Some staff had good things to say about Irwin Mitchell. It was "definitely improving over what it was", said one, and was "not nearly as bad as the London-centric detractors would have you believe". There was an all male board, but "that's finally changing with women making it to the top". It was, said another, "not as bad as the press makes out".

Hopefully it's not as bad as its own staff make out, either. "If there is any firm that should attract bad publicity", said a senior solicitor, "it is Irwin Mitchell". There was, he said, an "exceptionally greedy cohort of equity partners underpaying staff to undertake the roles of lawyer, business development manager, CSR co-ordinaries and press liaison all merged into one role".

One example of this, said another senior solicitor, was the firm instructing junior staff "to build links with disability charities simply as a way to persuade said charities to refer all their service users to the firm for negligence claims". Ingenious, perhaps, but also, she said, "truly awful". Meanwhile, "People actually shit on the floor!" said a junior lawyer. "On the actual floor".

  Bless you, Golden Turd, already getting work in for your new masters. 

"Despite efforts to change", said a senior solicitor, "the culture within some divisions and offices is still toxic". There was, said a junior solicitor, "zero correlation between performance and pay and progression". Departments, he said, "base their entire business model on not qualifying staff" to save money, and "are now trying to prevent qualification via Cilex after having relied on the TC model for years to hold people back".

"It really is a case of who brown noses and back-stabs best", said a senior solicitor. As for the coffee, it was "cheap and bitter - like many of the partners".

In a creditable move, the firm addressed its drubbing head-on. “We welcome all feedback to improve our business", said a spokesman, "and will take on board the RollOnFriday results. We seek regular external feedback from clients via services such as Trust Pilot and we are pleased that our customers rate our services very highly. We also received over 2,000 responses in our 2017 internal employee engagement survey with very positive scores on areas including diversity and inclusion and we have robust action plans to continue making improvements to our employee experience”.

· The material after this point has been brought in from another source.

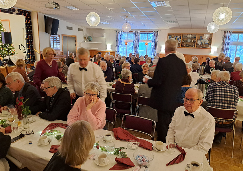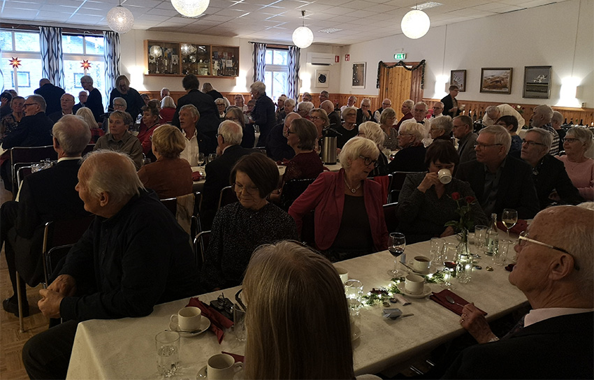 Jullunch i Bergs bygdegård på inbjudan av sektion NordBillingen onsdagen den 26 november . Ett 70-tal Elin-medlemmar rick in fin försmak av julens läckerheter under jullunchen . Det var två tallrikar, först en kall tallrik med sill och lax, skinka och annat gott , och sedan en varm talriksom bestod av en buffé med varma rätter som Jansson, köttbullar mm. Ett stort tack till alla som hjälpte till med att anordna en trevlig eftermiddag.

Another PI firm, troubled Slater and Gordon, came second bottom. "Awful awful awful", said a trainee. Its business model "revolves around pigeonholing trainees in a bid to retain them" in a "dying area", he said: the PI sector. The abominable news reports, said a senior solicitor, "speak for themselves". There was "no chance of progression or promotion", said a morose junior solicitor. "No chance of a pay rise, no point in trying". Hooray!

Kennedys also hit the low 20s. Staff said the partners "only care about increasing PEP", and pay was "dictated by low hourly rates and a high proportion of fixed (low) fee work". In spite of the glamour, "it's like the Marie Celeste at 5pm". Which indicates a healthy work/life balance, at least, although one solicitor said it was only because "Nobody can take more than 8 hours of that shit a day".

Check out the full results next week.
Tip Off ROF

Comments

Anonymous 26 January 18 08:38

Who would ever want to go and work at Irwin Mitchell? It is a business that wants to be that which it can never be, spending money bringing in dinosaurs and rejects to try and build a commercial businesss. It will never happen, give it up and chase those ambulances, it’s what you are good at.

Anonymous 26 January 18 10:03

Job security for now, but if the greedy partners keep stripping the business, how long will it last.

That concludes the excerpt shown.